Vontade é um negócio muito louco! Eu por exemplo estava com vontade de começar esse texto de uma maneira bem diferente, assim, sem pé nem cabeça. Pois é, e essa palavrinha nos leva muitas vezes por caminhos inesperados, os quais a gente nem sabe onde vai chegar.

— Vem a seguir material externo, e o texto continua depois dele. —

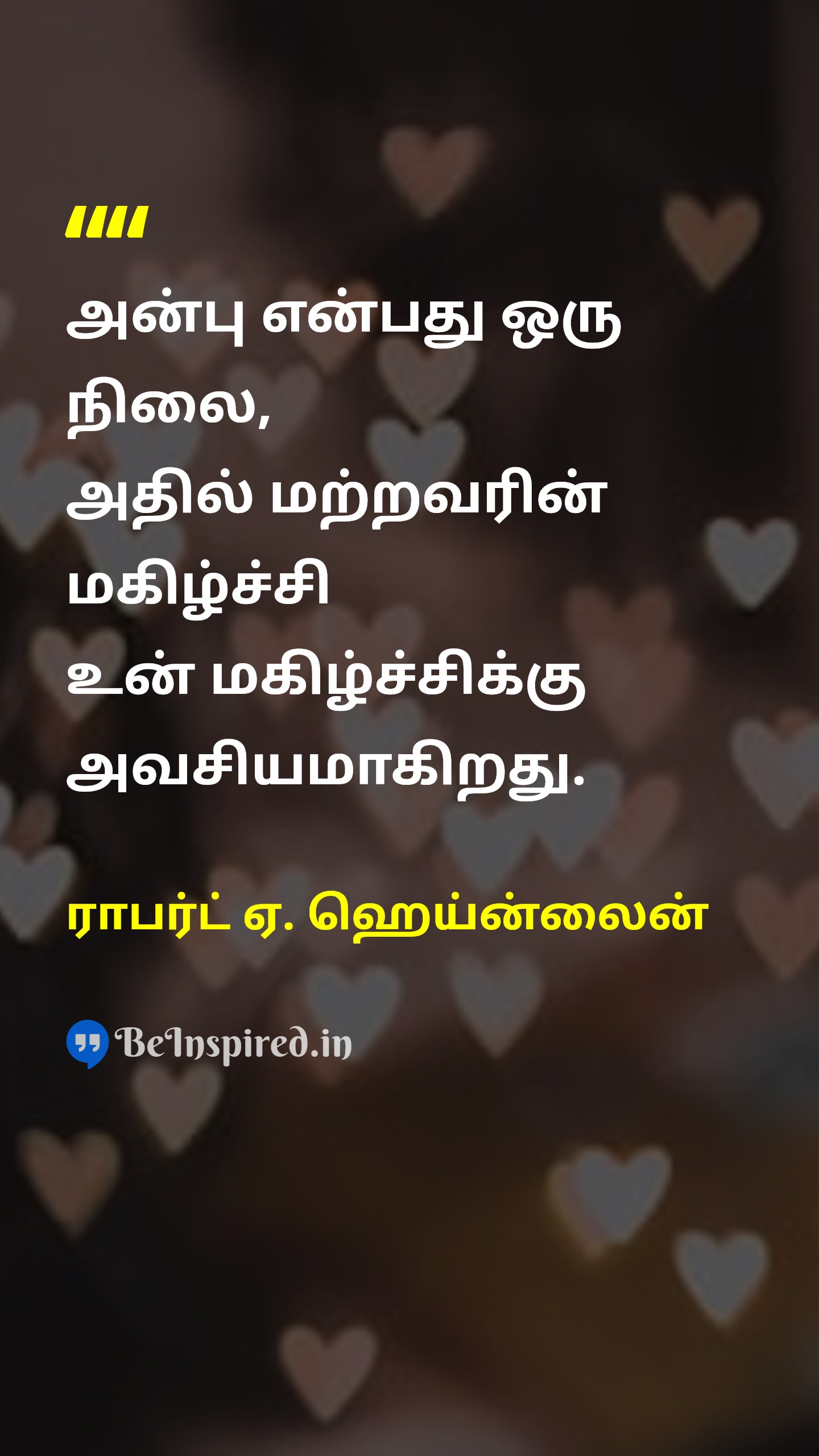 அன்பு என்பது ஒரு நிலை, அதில் மற்றவரின் மகிழ்ச்சி உன் மகிழ்ச்சிக்கு அவசியமாகிறது.
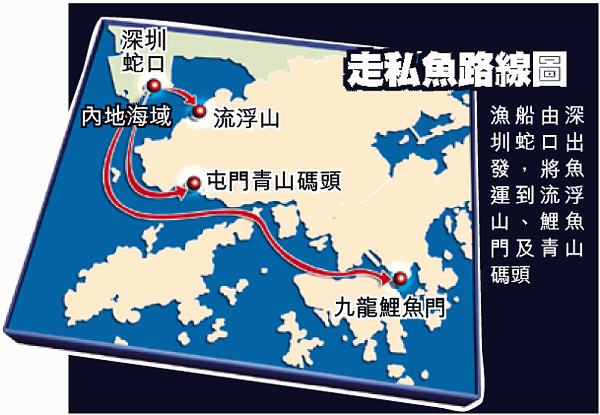 該業內人士指,本港最少有五成淡水魚屬走私,較政府所指的三分之一更多,尤其是近期淡水魚供不應求,本地魚價格上升,走私魚更氾濫。走私漁船一般從深圳蛇口開出,直接駛往流浮山、鯉魚門及青山碼頭,將魚穫上岸,因本地沒法例規管走私魚,漁船駛入本港海域公然上岸。流浮山批發市場一向賣鹹水魚,但日前食環署公布有鹹水魚含禁藥後,流浮山批發市場隨即轉賣走私淡水魚。有不法商人甚至直接將魚穫運往食肆及零售檔,再向市民佯稱是本地魚。
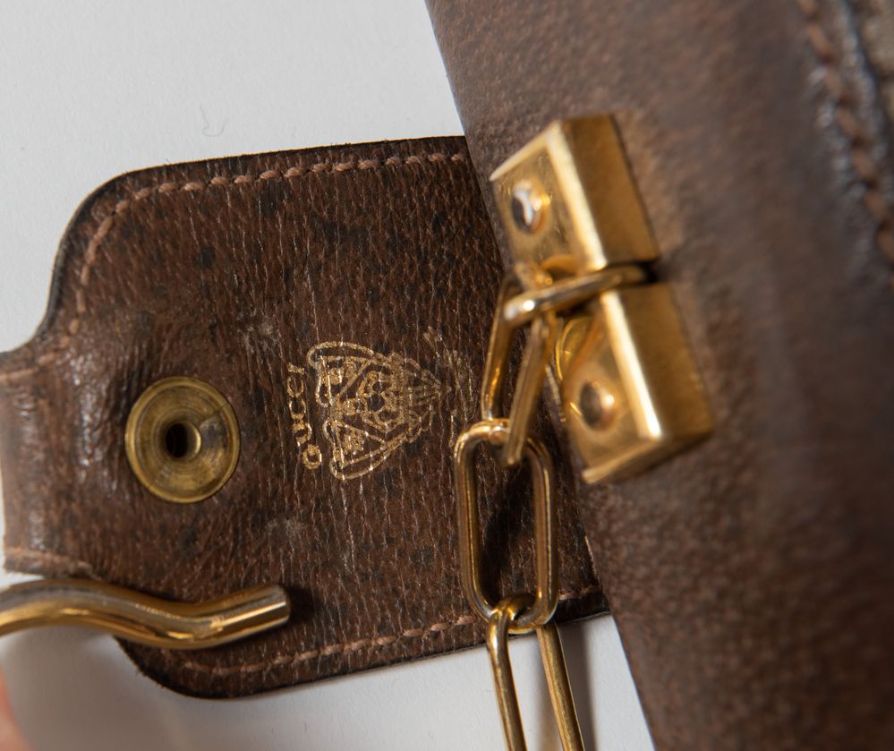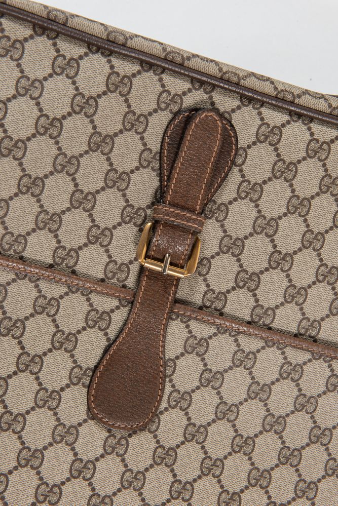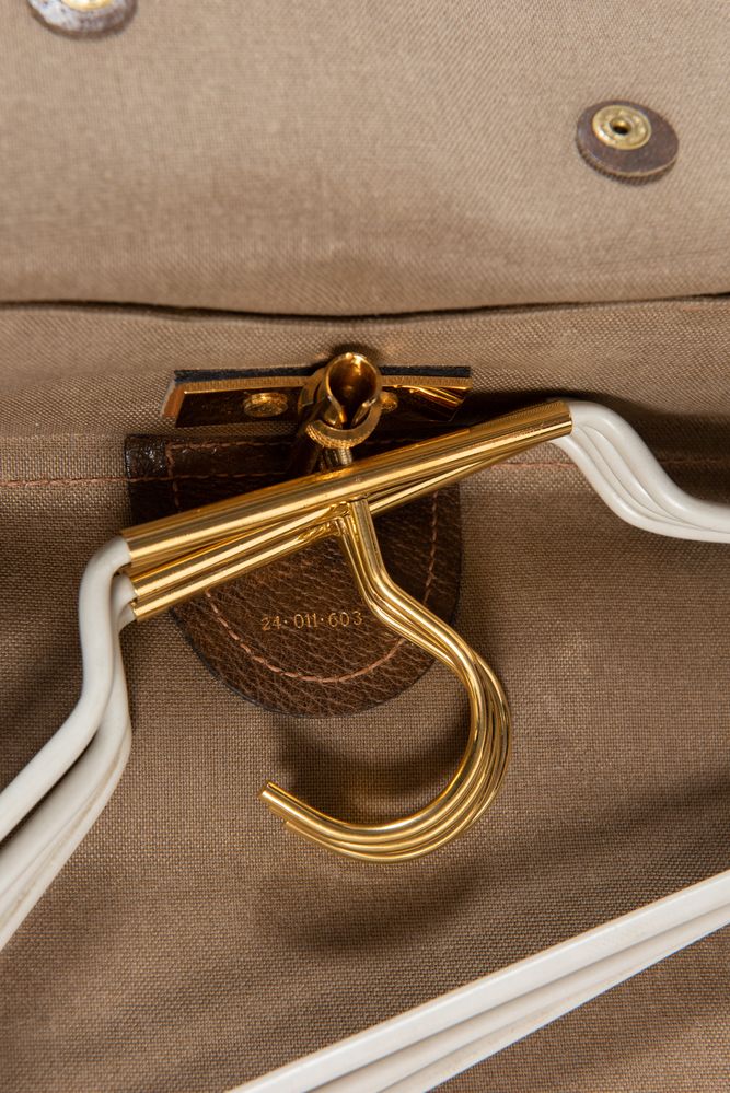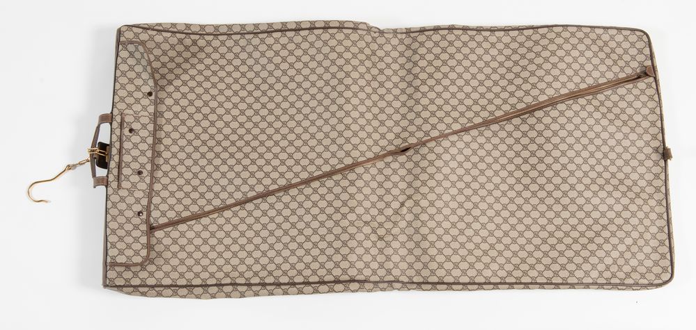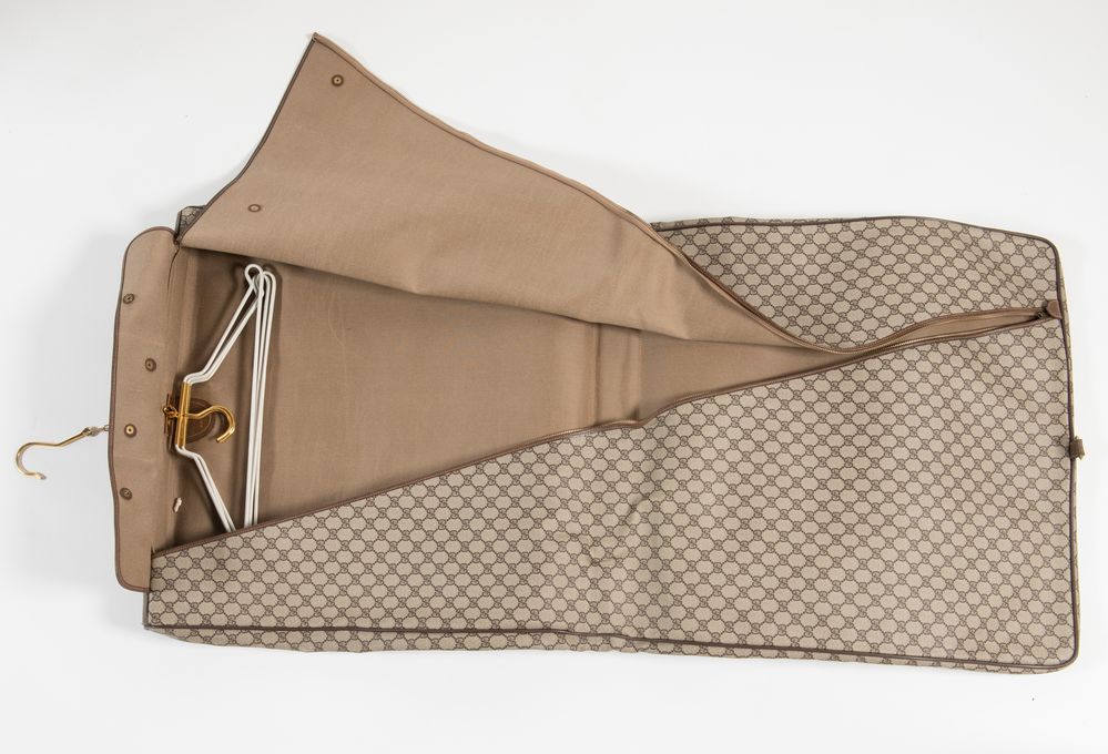 GUCCI Porta abiti pieghevole con manico in tela monogram con rifiniture in pelle marrone. Chiuso: cm 60x60x8,5. Aperto: cm 124x60. Reca marchi GG, Gucci Italy e codice riferimento prodotto. Corredato di quattro grucce originali.
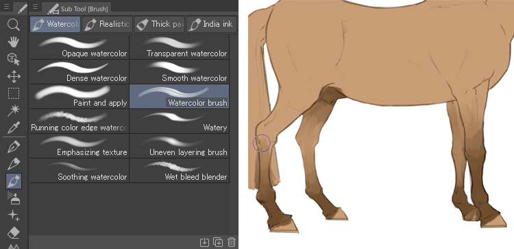 When working with different shades of color, my advice is to use the Watercolor Brush in a shade that is darker than the base color of the fur for simple shading. Look at the following images:

O mais legal é depois de um tempo olhar pra trás: nossa, eu passei por tudo isso?

E o nosso caminho pela estrada fora começou com um tal de Lucas Pimenta, que gostava de parar as pessoas na floresta para perguntar se elas gostavam de quadrinhos. Bom, é claro que ele acabou encontrando um monte de gente. Foram muitos anos tentando! E se tem um rapaz que é orgulhoso de suas amizades, esse é o Lucas. Eu mesmo já tinha ouvido falar do amigo dele que escrevia resenhas como ninguém, do amigo que era um dos maiores quadrinistas baianos, do amigo que cruzava o oeste americano com um rifle e… não, acho que esse é personagem, não é amigo não. Mas o négocio é que conversar sobre histórias em quadrinhos ou histórias de quadrinhos com o Pimenta sempre foi algo pra se fazer sem pressa. E numa dessas, ele recebeu um convite de uma dessas amigas que só tem no portifólio dele, que ofereceu um site. Assim, de graça, pra ele e seus amigos debaterem a nona arte.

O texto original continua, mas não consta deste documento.